INFORMATION SHOWN:

============

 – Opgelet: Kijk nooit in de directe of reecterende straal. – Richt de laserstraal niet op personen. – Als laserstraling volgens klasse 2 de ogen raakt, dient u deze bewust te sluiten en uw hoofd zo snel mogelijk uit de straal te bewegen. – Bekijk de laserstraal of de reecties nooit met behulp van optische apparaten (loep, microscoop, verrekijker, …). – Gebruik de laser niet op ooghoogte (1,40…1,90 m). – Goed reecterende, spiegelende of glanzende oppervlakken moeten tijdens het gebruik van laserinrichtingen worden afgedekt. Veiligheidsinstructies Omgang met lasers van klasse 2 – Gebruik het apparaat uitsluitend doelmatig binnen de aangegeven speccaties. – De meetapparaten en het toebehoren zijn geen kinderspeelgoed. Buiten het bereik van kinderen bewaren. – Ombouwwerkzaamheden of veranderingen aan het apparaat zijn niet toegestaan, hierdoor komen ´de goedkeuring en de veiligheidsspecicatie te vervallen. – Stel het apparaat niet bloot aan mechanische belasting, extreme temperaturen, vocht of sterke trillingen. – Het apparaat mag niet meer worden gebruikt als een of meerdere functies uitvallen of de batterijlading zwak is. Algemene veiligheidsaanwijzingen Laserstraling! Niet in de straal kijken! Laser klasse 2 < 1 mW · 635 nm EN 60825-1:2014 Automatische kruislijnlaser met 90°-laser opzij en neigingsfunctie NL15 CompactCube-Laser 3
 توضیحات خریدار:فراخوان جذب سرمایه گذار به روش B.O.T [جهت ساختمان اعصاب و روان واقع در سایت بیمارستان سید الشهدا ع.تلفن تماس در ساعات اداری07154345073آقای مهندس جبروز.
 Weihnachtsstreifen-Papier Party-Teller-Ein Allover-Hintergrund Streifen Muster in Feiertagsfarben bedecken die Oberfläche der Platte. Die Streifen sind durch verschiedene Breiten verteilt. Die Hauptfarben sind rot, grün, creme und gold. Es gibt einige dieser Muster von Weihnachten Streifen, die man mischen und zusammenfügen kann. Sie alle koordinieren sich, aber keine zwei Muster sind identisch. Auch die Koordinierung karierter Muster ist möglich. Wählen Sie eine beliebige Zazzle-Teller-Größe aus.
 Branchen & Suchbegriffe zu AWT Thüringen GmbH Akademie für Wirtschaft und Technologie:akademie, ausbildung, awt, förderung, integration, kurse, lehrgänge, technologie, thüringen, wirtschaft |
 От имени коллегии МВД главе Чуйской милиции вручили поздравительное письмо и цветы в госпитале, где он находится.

============

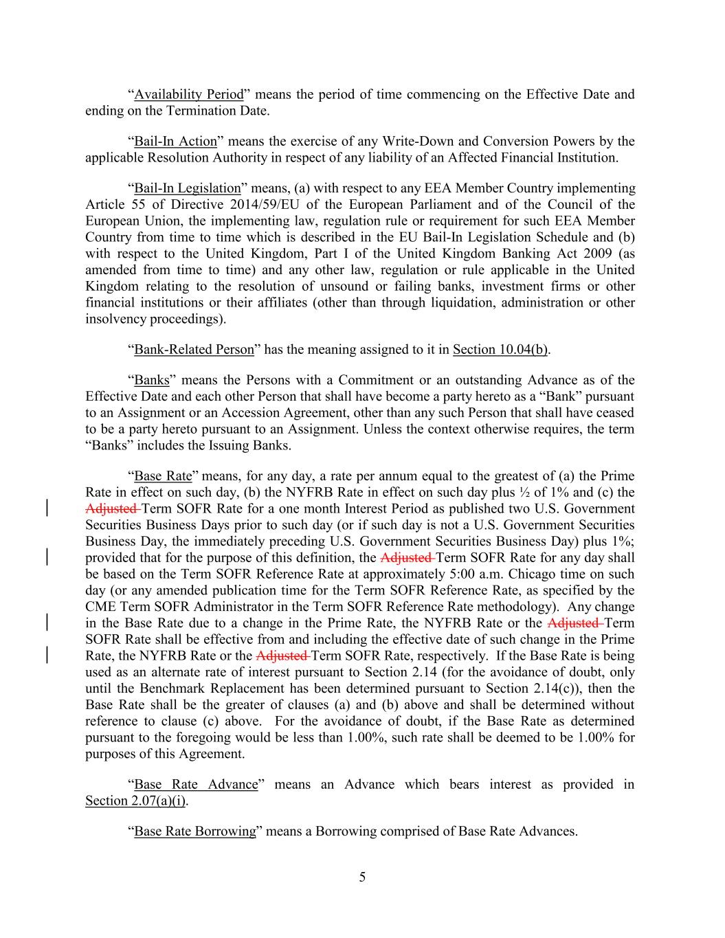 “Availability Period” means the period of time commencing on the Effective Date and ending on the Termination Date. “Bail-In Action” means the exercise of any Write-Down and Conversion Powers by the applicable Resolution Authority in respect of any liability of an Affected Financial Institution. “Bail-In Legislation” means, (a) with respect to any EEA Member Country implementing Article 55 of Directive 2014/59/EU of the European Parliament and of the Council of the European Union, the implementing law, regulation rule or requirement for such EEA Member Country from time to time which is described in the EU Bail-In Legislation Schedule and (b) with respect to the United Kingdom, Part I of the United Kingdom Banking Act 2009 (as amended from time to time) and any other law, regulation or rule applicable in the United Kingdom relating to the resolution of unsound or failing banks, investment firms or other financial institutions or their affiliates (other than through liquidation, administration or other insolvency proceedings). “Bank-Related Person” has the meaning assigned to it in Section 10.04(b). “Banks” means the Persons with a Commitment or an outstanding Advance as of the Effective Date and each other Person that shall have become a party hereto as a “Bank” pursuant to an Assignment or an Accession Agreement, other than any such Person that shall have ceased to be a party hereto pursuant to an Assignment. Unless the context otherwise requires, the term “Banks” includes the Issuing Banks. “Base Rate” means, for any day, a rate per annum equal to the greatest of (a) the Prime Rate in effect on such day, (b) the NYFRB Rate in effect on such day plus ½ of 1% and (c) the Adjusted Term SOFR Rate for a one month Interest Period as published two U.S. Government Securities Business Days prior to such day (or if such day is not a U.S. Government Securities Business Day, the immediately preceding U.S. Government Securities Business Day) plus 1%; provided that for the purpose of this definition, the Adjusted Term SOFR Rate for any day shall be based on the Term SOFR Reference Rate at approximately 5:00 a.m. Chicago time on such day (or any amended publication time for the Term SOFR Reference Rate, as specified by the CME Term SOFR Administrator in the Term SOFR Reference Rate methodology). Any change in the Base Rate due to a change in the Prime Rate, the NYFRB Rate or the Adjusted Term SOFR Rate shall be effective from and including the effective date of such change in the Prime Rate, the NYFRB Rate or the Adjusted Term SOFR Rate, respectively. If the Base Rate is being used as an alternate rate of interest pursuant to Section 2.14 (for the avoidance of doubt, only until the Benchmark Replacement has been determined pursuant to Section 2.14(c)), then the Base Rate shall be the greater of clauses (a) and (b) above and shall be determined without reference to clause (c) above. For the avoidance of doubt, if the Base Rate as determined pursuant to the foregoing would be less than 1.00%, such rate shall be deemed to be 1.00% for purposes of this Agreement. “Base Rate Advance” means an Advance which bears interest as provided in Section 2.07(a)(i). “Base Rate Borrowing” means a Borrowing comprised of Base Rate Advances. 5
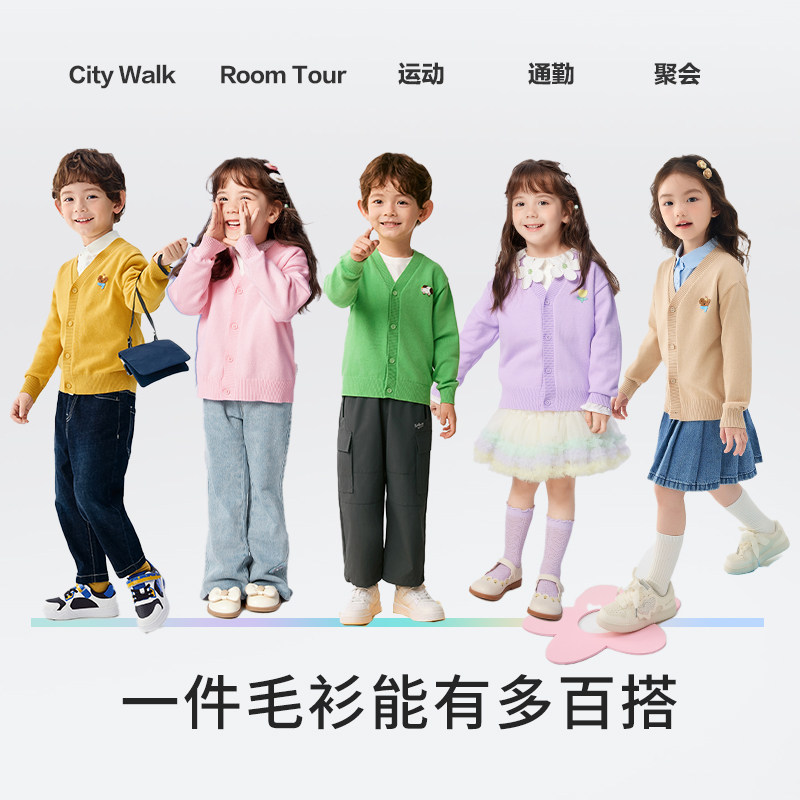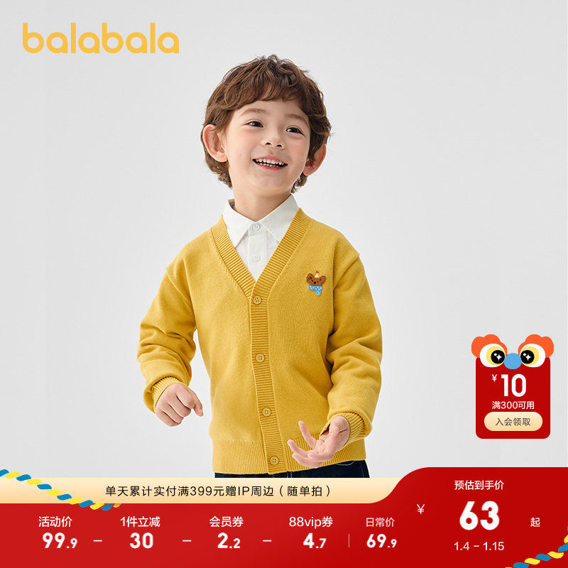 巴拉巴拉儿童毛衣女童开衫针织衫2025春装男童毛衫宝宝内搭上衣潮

============

EXERCISE:
For this exercise, please output exactly the lines above starting at the line with "Weihnachtsstreifen-Papier Party-Teller-Ein Allover-Hintergrund" and ending at the line with "От имени коллегии", ends included.

WRITTEN SOLUTION:
 Weihnachtsstreifen-Papier Party-Teller-Ein Allover-Hintergrund Streifen Muster in Feiertagsfarben bedecken die Oberfläche der Platte. Die Streifen sind durch verschiedene Breiten verteilt. Die Hauptfarben sind rot, grün, creme und gold. Es gibt einige dieser Muster von Weihnachten Streifen, die man mischen und zusammenfügen kann. Sie alle koordinieren sich, aber keine zwei Muster sind identisch. Auch die Koordinierung karierter Muster ist möglich. Wählen Sie eine beliebige Zazzle-Teller-Größe aus.
 Branchen & Suchbegriffe zu AWT Thüringen GmbH Akademie für Wirtschaft und Technologie:akademie, ausbildung, awt, förderung, integration, kurse, lehrgänge, technologie, thüringen, wirtschaft |
 От имени коллегии МВД главе Чуйской милиции вручили поздравительное письмо и цветы в госпитале, где он находится.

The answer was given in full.